So American children don’t have the spunk of our various reprobate ancestors bred out of them. However, I have found the key to raising amazing American children. I count myself as an expert because neither of them have yet been in prison (that I know of).
First of all, you must be lazy. I am constantly amazed at the amount of energy American parents put into carting their spawn to various sporting events, in the hopes that they will some day get a College Scholarship and play (lacrosse rugby Jenga etc) at the university, when most of them really want to go to the university to drink beer and learn anatomy. I perfected the art of discouraging extra coaching, travel teams, year round training, and accelerated classes under the assumption that it created far too much work for me. Instead, we spent many hours lounging around the family room watching “The Real World” on MTV, where I would emphasize that these trashy girls did not have the sort of values I wanted my children to develop, and ewww, her hair is just so nasty!

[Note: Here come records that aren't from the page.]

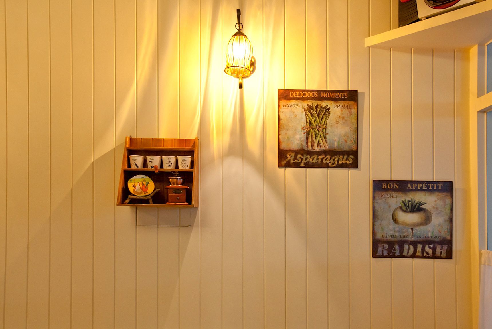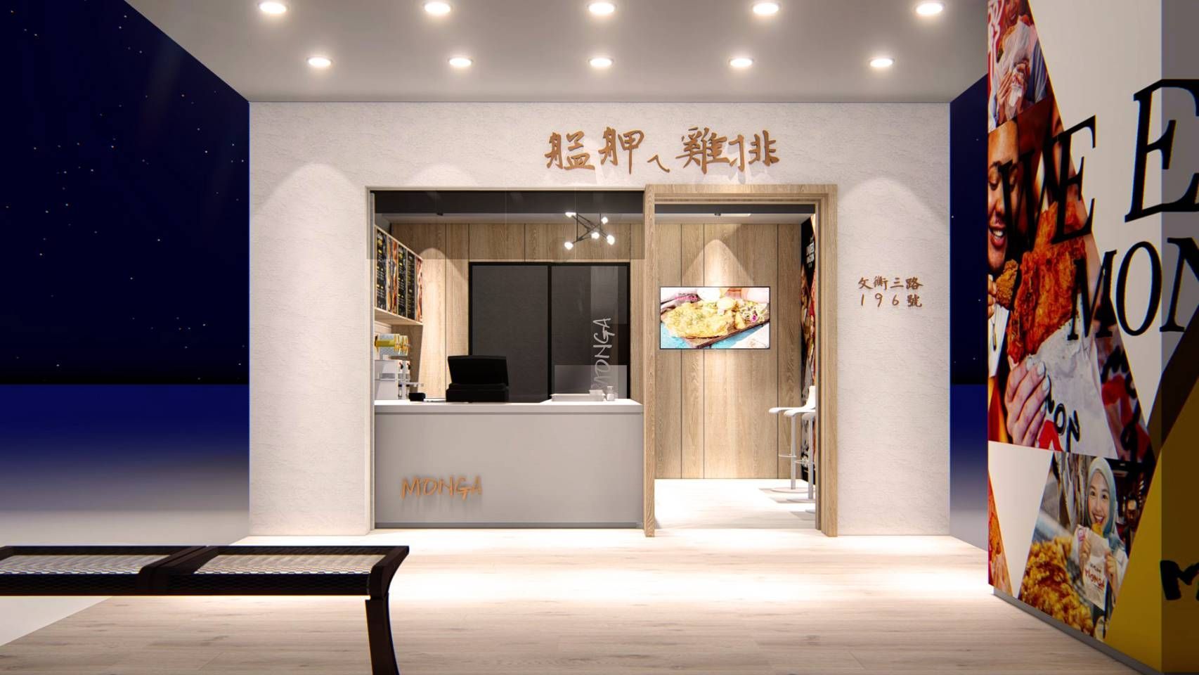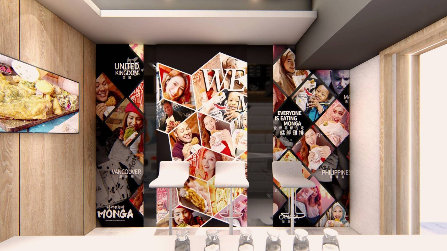 牆面以大面積的圖像與文字作為裝飾,結合文化符號與現代設計語言,增添活潑感與趣味性。後方的展示架整齊陳列商品與包裝,既具備功能性,也成為空間的一部分,讓整體視覺更顯完整。數位螢幕的設置則提供即時的餐點影像,強化互動性與現代感。
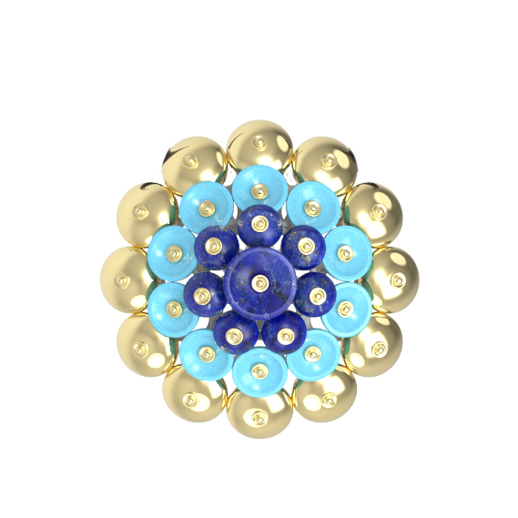 Подвеска из лимонного золота c бирюзой и лазуритом
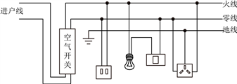 A. 空气开关 B. 双孔插座 C. 带开关的灯泡 D. 三孔插座
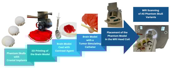 Visualization of the complete MRI scanning setup, including 3D-printed skulls with implants, brain model casting, tumor simulation, and placement within the MRI head coil.
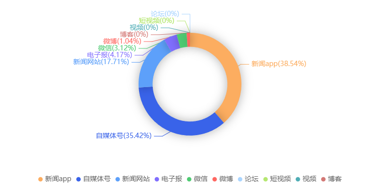 截至目前,该文章在互联网上传播总量共96篇。各信源的信息发布情况中,新闻app占比最高,其次是自媒体号。(数据来源:新华睿思数据云图分析平台)
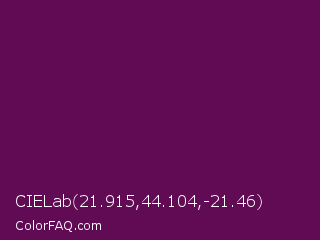 CIELab 21.915,44.104,-21.46 Color is a very dark magenta color and the nearest color is Pompadour #660045. Hex code #620b55 and RGB value is rgb(98,11,85). In RGB color space, this color is composed of 38% red, 4% green, 33% blue, In CMYK color space, this color is composed of 0% cyan, 89% magenta, 13% yellow , 62% black , In HSL color space, this color has a hue angle of 309° , 80% saturation and 21% lightness.
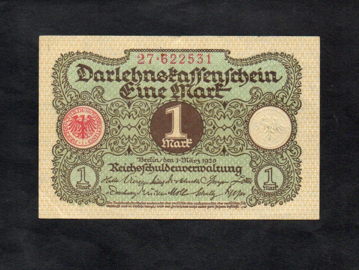 БАНКНОТА НІМЕЧЧИНИ -- 1 марка -- 1920 р
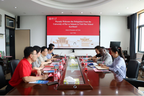 会上,祝树金对威廉·阿南基瑟教授(Prof. William A.L.Anangisye)的到来表示热烈欢迎,向其介绍了经贸学院的发展情况,并期待与他共同探讨中非经贸合作的前景,希望通过与达累斯萨拉姆大学的紧密合作,共同培养具有国际视野的经贸人才。
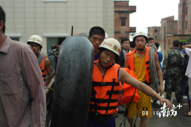 張志添(左二)參與洪澇災(zāi)害救援。
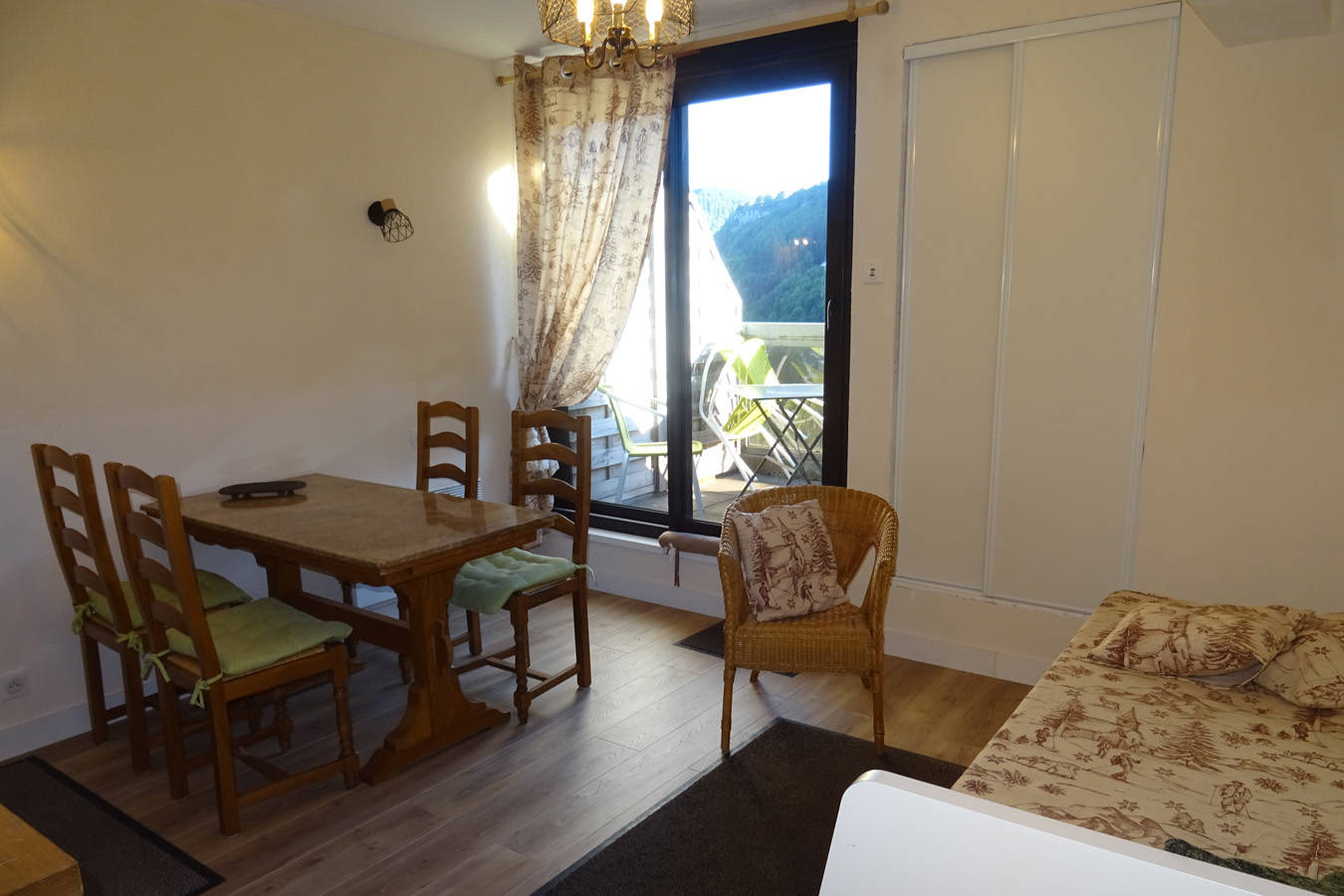 La grande baie vitrée apporte beaucoup de clarté et offre une très belle vue sur la vallée du Sancy et le village.
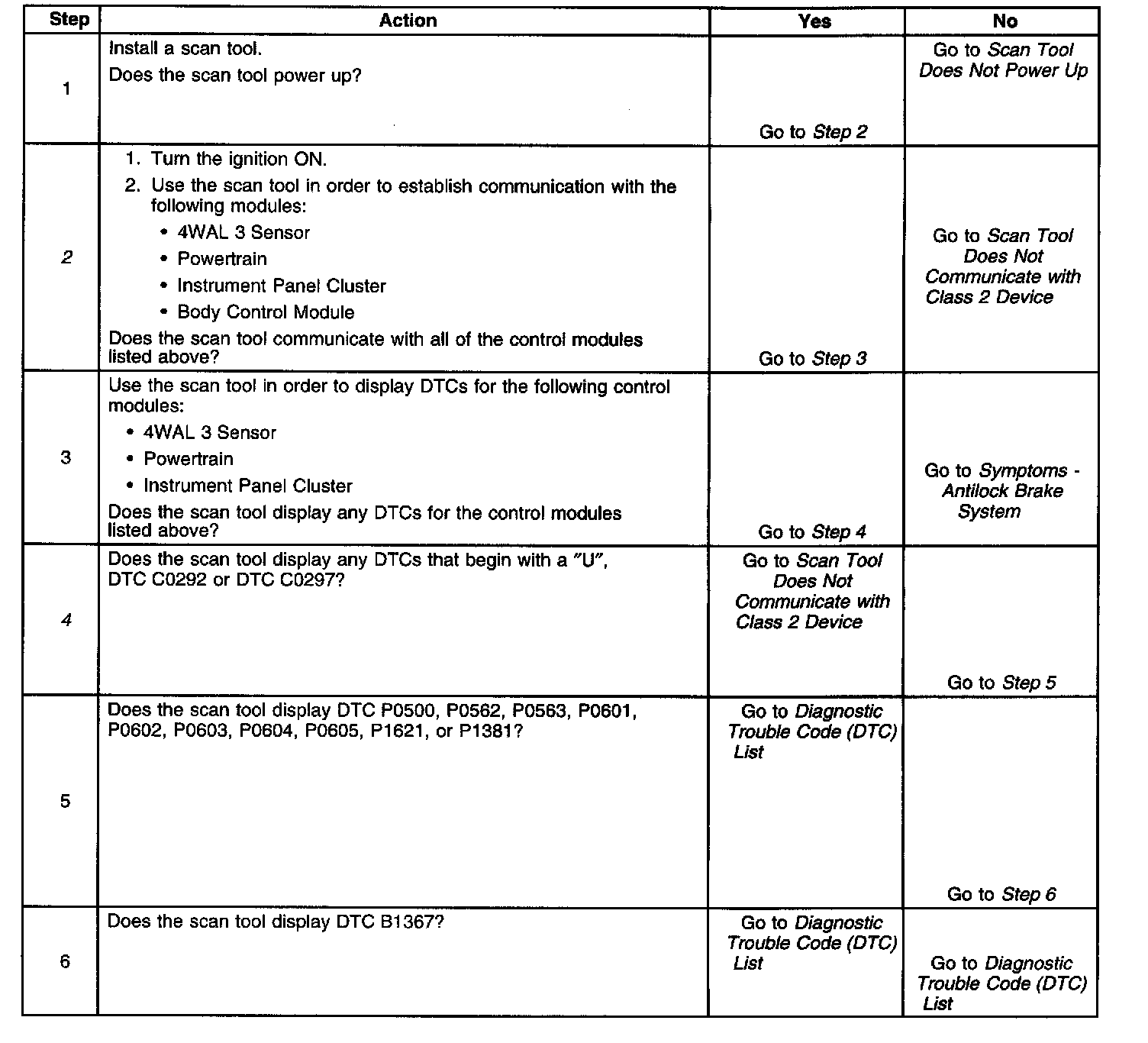 2. Lack of communication may be due to partial or total malfunction of the class 2 serial data circuit. The specified procedure will determine the particular condition.
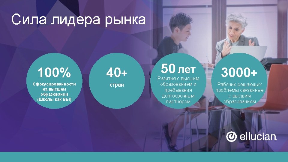 The power of a market leader 100% 40+ 50 years 3000+ focused on higher education countries of evolving with higher ed and being a long-term partner employees dedicated to solving challenges for higher ed (Schools like YOU)
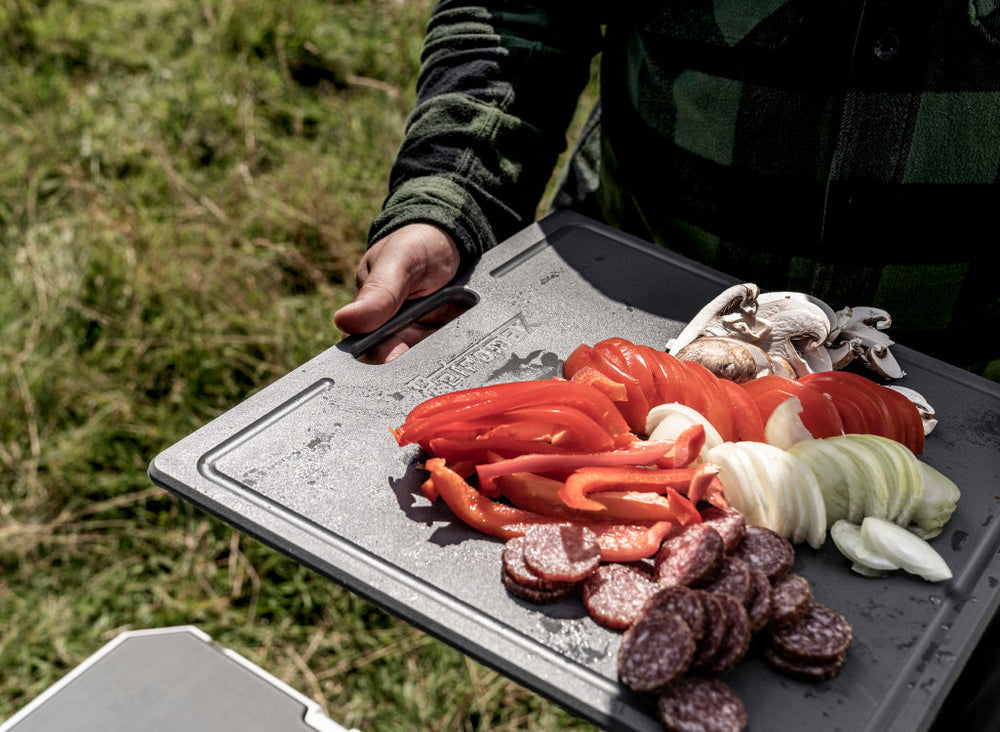 Complement your outdoor cooking setup by pairing this chopping board with Petromax knives to prepare your meals efficiently. The divider feature supports separate storage of delicate foods, and it works in harmony with the Dry Rack Baskets, which fit inside the cooler box alongside the board.
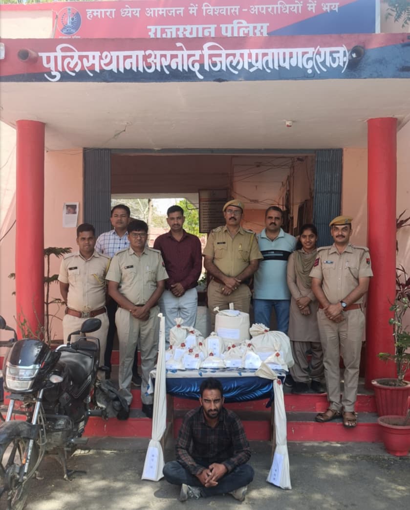 इस सूचना पर एसपी बंसल के निर्देश पर कार्रवाई के लिए अतिरिक्त पुलिस अधीक्षक परबत सिंह और सीओ वृत अरनोद चन्द्रशेखर पालीवाल के मार्गदर्शन एवं एसएचओ हजारी लाल के नेतृत्व में गठित पुलिस टीमों द्वारा मुर्गीफार्म पर दबिश देकर वहां मौजूद तस्कर फरदीन खान पठान को डिटेन कर तलाशी ली गई।
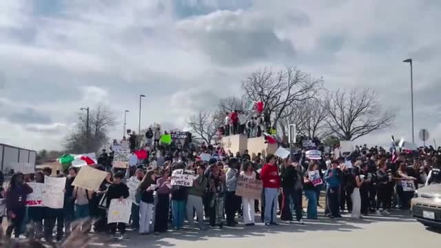 Footage shows teenagers gathered on the roadside to demonstrate against US Immigration and Customs Enforcement on Monday in Pflugerville. 2026-02-04 21:41:46
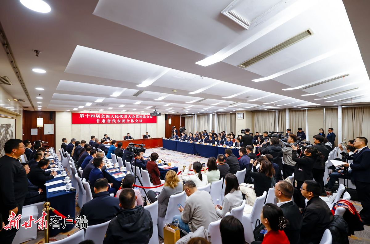十四届全国人大四次会议甘肃代表团3月7日上午在驻地举行开放团组活动,审查计划报告和草案、预算报告和草案,会议向境内外媒体记者开放。
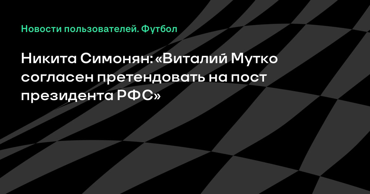 Никита Симонян: «Виталий Мутко согласен претендовать на пост президента РФС»
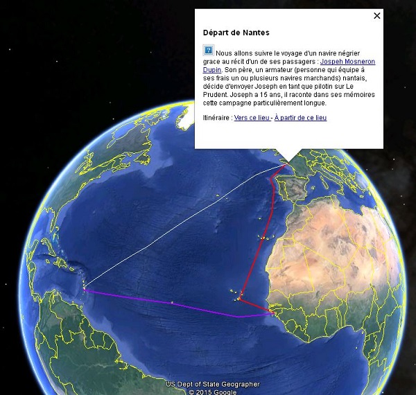 Cette activité est construite à partir d'un fichier kmz (GoogleEarth) retraçant le parcours du navire. Les élèves découvrent les étapes du voyage et doivent ensuite construire un récit d'une traite atlantique.
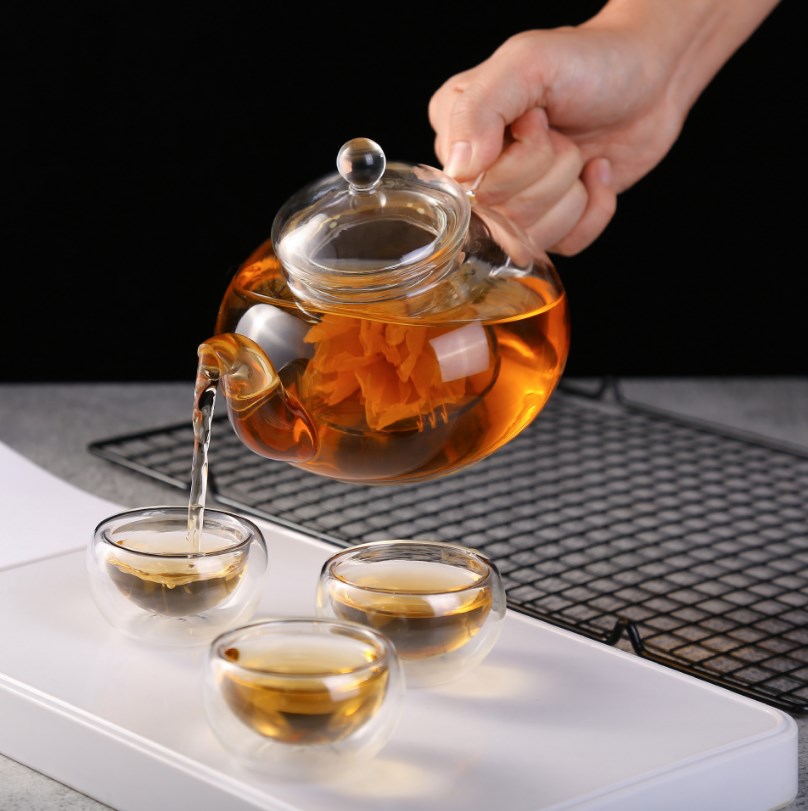 耐高温全玻璃花茶壶六人壶过滤泡茶壶红茶功夫茶具套装小容量

Next, you should allow them to find their own way. This saves a lot of tears. Child number one decided that she “must” play the clarinet, but after a year of making sounds that caused the dog to howl, she gave it up, with my enthusiastic encouragement. She eventually chose cheerleading, and we spent many happy hours watching ESPN cheer tournaments and making fun of the teams who were uncoordinated. Now, THERE’S family values!

Child #2 decided to forego college and joined the military with our encouragement and support (Who are we kidding here? He was 18, legal, and signed up before I could go on a hunger strike and chain myself to the recruiter’s desk). He emerged 4 years later a fine young man, and will graduate from college this May (oh please please please). Thanks, Uncle Sam! We weren’t able to be helicopter parents, because the Air Force just wouldn’t let us on the helicopter!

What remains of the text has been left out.